Does India need to panic after the death of Kerala youth who tested positive for monkeypox in UAE?

International passengers being screened at the airport following detection of monkeypox cases.

India saw its first death from monkeypox as the Kerala government on Monday confirmed that the 22-year-old man, who died on July 30, tested positive for the virus. State Chief Minister Pinarayi Vijayan told reporters here that the samples sent to NIV (National Institute of Virology), Pune, had returned positive and had been a West African variant.

Vijayan said the man, who reached the State on July 22, had earlier tested positive for monkey pox on July 19 in the UAE.

“He was admitted to a private hospital at Thrissur on July 27 after his health deteriorated but his relatives informed the hospital authorities about the test result from UAE on July 30,” State Health Minister Veena George said in a release.

The case is different from the three cases of monkeypox detected in Kerala earlier. One of those three earlier cases has been discharged from hospital and the other two were reported to be stable on Sunday. 

The one reported in Delhi was also different from the remaining cases since the patient had no history of foreign travel. All the cases in Kerala, including the one in which the infected person has died, were in individuals who arrived in the state from the Middle East. 

About the first death from monkeypox

The deceased is a 22-year-old named Hafeez from Thrissur, who dies in a private hospital on Saturday, days after he returned from the UAE. 

George said the man had been diagnosed with monkeypox while he was abroad, but his family had informed the hospital in Thrissur only on Saturday.

He had visited a hospital on July 26 after he developed a fever.
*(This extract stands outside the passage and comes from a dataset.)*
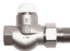
TS E ventil ekstra stor boring

VVS nr. 401724.004 1/2" VVS nr. 401724.006 3/4" VVS nr. 401724.008 1"

He was moved to another hospital later, where he was put on life support, and where he died on Saturday afternoon.

Is monkeypox a fatal disease?

No, it is not. Just because the Kerala youth who died on Saturday had tested positive for the zoonotic virus, does not mean that he was killed by it. An analysis of his condition will conclude the exact reason for his death, which may have been caused by several other possible factors. 

Chief Minister said a detailed probe would be conducted by a high-level State medical board.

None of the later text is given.